Indeed, everything seemed calculated last week to upstage the Tories' new leader in his debut as party chief. As the Conservatives gathered at Brighton for their annual conference, the headlines were dominated by the Rhodesian crisis. And when Wilson flew up to Balmoral to see the Queen, the blood froze in Tory veins: with a mere two-vote majority and the opinion polls rapidly swinging his way, Wilson might well be asking permission to dissolve Parliament and call an election. Not so, or at least not yet. But the reaction in Brighton all too clearly revealed the Tories' defensive state of mind.
No Surprises. Heath's task was made no easier by the genuine outpouring of warmth that greeted his predecessor, Sir Alec Douglas-Home. And the freshly minted Conservative statement of aims was something less than the dynamic manifesto the Tory faithful had hoped for. Its conventional mix of incentives for private enterprise and tolerance for the Welfare State brought no surprises.
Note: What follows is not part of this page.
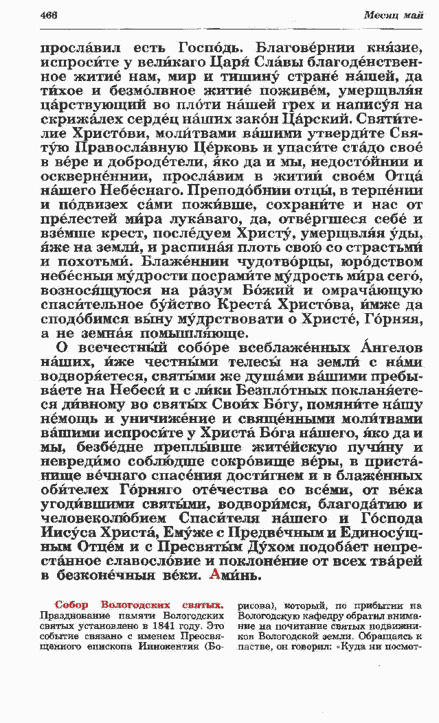 наших, йже честными телесы на земли с нами водворяетеся, святыми же душами вашими пребы- ваете на Небесй и с лики Безплбтных покланяете- ся дивному во святых Своих Богу, помяните нашу немощь и уничижение и священными молитвами вашими испросите у Христа Бога нашего, яко да и мы, безбедне преплывше житейскую пучину и невредимо соблюдше сокровище веры, в приста- нище вечнаго спасения достигнем и в блаженных обйтелех Горняго отечества со всеми, от века угодившими святыми, водворимся, благодатию и человеколюбием Спасителя нашего и Господа Иисуса Христа, Емуже с Предвечным и Единосущ- ным Отцем и с Пресвятым Духом подобает непре- станное славословие и поклонение от всех тварей в безконечныя веки. Аминь. Собор Вологодских святых, рисова), который, по прибытии на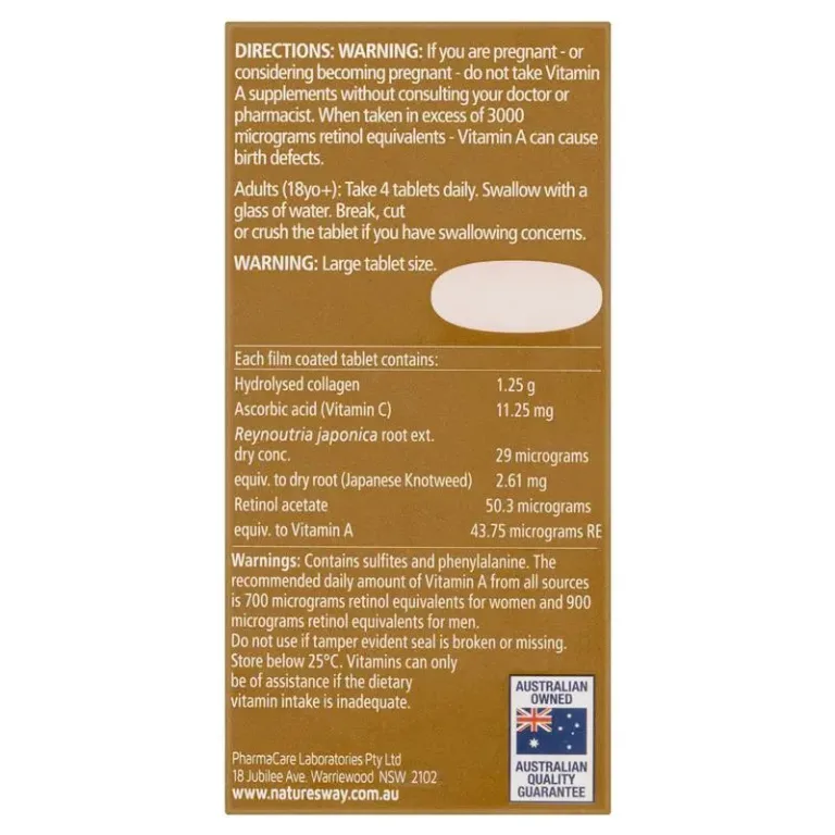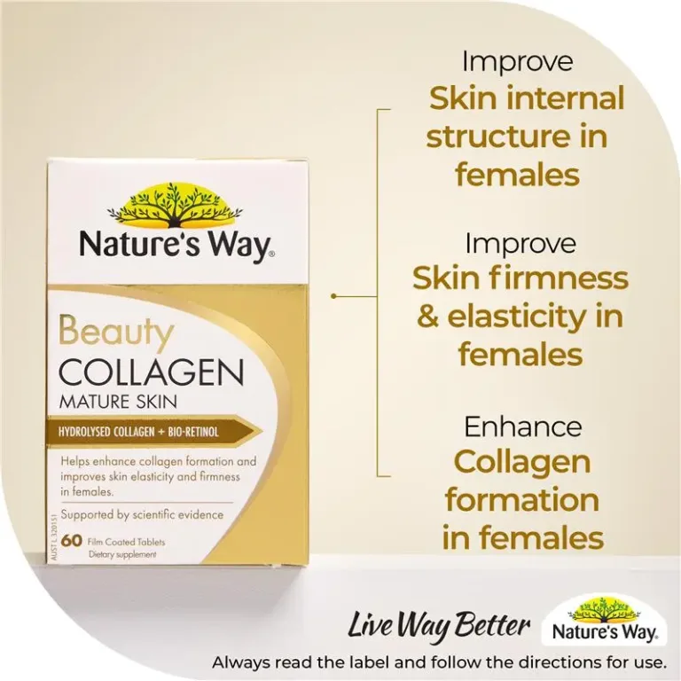 Nature’s Way Beauty Collagen Mature Skin Hydrolysed Collagen + Bio-Retinol is scientifically formulated to support collagen formation, skin elasticity, and firmness in women.

In his introductory speech, Heath droned on about the benefits of "occupational pensions" and "meals-on-wheels" to the yawns of the audience. It was not until next day that the Conservatives were able to grab some headline space. Up stepped tough, mustachioed Enoch Powell, the shadow Defense Minister, with an astonishing plea for reduction of British military commitments east of Suez. Arguing that "a military presence has more than once proved an obstacle," Powell said that in the long run the quelling of Communist expansionism in Asia and Africa was not Britain's business. Besides, maintenance of military bases and forces from Aden to Hong Kong was too heavy a drain on British resources.
Strange sentiments to come from a right-wing spokesman for the party of Empire? Perhaps, but Powell's thinking reflected a growing sense of realism on the Tories' part, as well as another step in Heath's determined plan to bring Britain closer to Europe and win membership in the Common Market. Closing down such major British bases as Aden and Singapore, substituting a cheaper defense line based on small, stepping-stone islands in the Indian Ocean would produce a considerable saving in Britain's annual $6 billion defense budget. The U.S. Navy is currently studying the possibility of erecting a joint base in the Seychelles Islands to that end. The Labor Party, still officially committed to maintaining British bases east of Suez, is also pondering the question while preparing a defense White Paper due next spring. With both parties agreed in principle on the need for some reworking of the "thin red line," the new thinking may well produce repercussions throughout the Commonwealth, Europe and the entire Atlantic community.
* With mayoress of Brighton after conference session.